When it comes to indexing, the syntactic choices and guidance above are deliberate.  Use the array subscript operator, [], when indexing with index objects and when projecting with a single integer.  Use the function call operator, (), when indexing with integers.  These choices allow you to distinguish between projection and indexing only based on the type of the index.  That said, the operators are completely interchangeable within the rules of the C++ language which do not allow the array subscript operator to be used with more than one expression.

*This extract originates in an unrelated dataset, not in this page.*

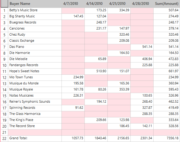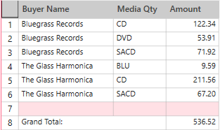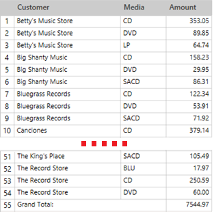 When Monarch Data Prep Studio builds a summary, it generates a list of all unique values found in each key field. These lists are combined to form the summary matrix. Each line in the summary matrix represents a set of unique key values. For example, in the following summary, the fields Customer and Media are used. The Customer field contains 20 unique values, one for each customer in the report. The Media field contains 5 unique values, one for each media type in the report. In combination, these two fields can create a summary matrix of up to 100 lines, (20 customers * 5 media types). In practice, the summary would likely contain fewer lines, since not all media types are present for each customer (see illustration below).
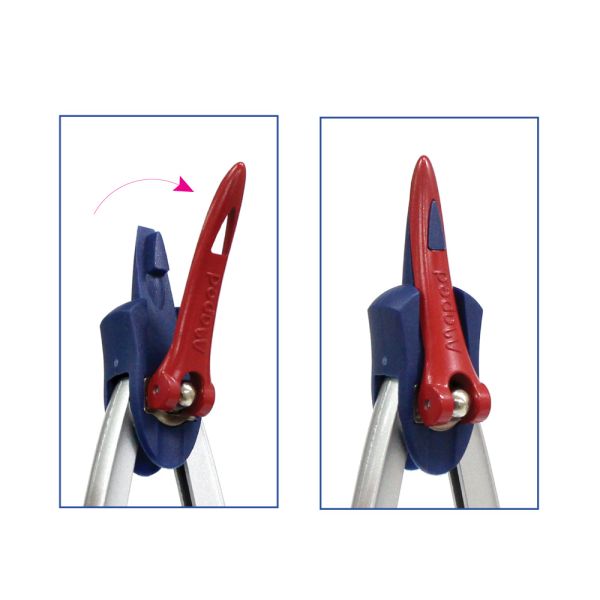 Kovové kružidlo s fixáciou ramien, s 2 mm tuhou. Patentovaný princíp systému Stop System- zabezpečenie ramien v danej polohe. Francúzka značka MAPED zaručuje vysokú kvalitu, funkčnosť a moderný dizajn.

As always, your feedback is welcome below or in our MSDN forum.

Comments (2)

  1. Steve,

    This code crashes my GPU but ONLY in release mode, it works in debug. Can't attach a screenshot here. The error message is: Display driver stopped working and has recovered." I have NVidia Quadro 5000M DX11 card. Obviously the code runs in debug in x64. It crashes in the first kernel.

    Thanks,

    Alan

    void AmpExamples::Projection()

    {

    cout << "nProjection: matrix x vector.n";

    const int width = 1900;

    const int height = 1080;

    accelerator_view av = accelerator().create_view();

    // 6×6 matrix

    float m[] =

    {

    1, 2, 3, 4, 5, 6,

    1, 2, 3, 4, 5, 6,

    1, 2, 3, 4, 5, 6,

    1, 2, 3, 4, 5, 6,

    1, 2, 3, 4, 5, 6,

    1, 2, 3, 4, 5, 6,

    };

    array_view<const float, 2> matrix(6, 6, m);

    // 6-Vector

    float v[] = { 3, 1, 4, 5, 8, 7 };

    array_view<const float, 1> vec(6, v);

    // Result

    vector<float> r(6);

    array_view<float, 1> result(6, r);

    result.discard_data(); // Do not copy contents to the device

    time_point<system_clock> start = system_clock::now();

    parallel_for_each(av, vec.extent, [=](index<1> idx) restrict(amp) {

    int   x = idx[0];

    float z = 0.f; // result

    for (int y = 0; y < vec.extent[0]; ++y)

    {

    z += matrix(x, y) * vec(y);

    }

    result[idx] = z;

    });

    result.synchronize();

    time_point<system_clock> stop = system_clock::now();

    long long us = duration_cast<microseconds>(stop – start).count();

    cout << "n   finished in: " << us << "us" << endl;

    for (int i = 0; i < 6; ++i)

    {

    cout << "      r[" << i << "] = " << r[i] << endl;

    }

    //

    // Now use a projection

    //

    result.discard_data();

    start = system_clock::now();

    parallel_for_each(av, vec.extent, [=](index<1> idx) restrict(amp) {

    int   x = idx[0];

    float z = 0.f; // result

    array_view<const float, 1> row = matrix[x]; // projection

    for (int y = 0; y < row.extent[0]; ++y)

    {

    z += row(y) * vec(y);

    }

    result[idx] = z;

    });

    result.synchronize();

    stop = system_clock::now();

    us = duration_cast<microseconds>(stop – start).count();

    cout << "n   finished projection in: " << us << "us" << endl;

    for (int i = 0; i < 6; ++i)

    {

    cout << "      r[" << i << "] = " << r[i] << endl;

    }

    }

  2. This appears to be the same issue mentioned in a previous thread on our forum (social.msdn.microsoft.com/…/4b684bcb-366b-4abe-a678-b0f86bc719c0).

    The recent NVidia drivers have addressed this issue (the last our team tested the updated drivers, the issue had been resolved for desktop cards but not  for the mobility cards). I would suggest installing the latest NVidia drivers and see if it addresses your problem.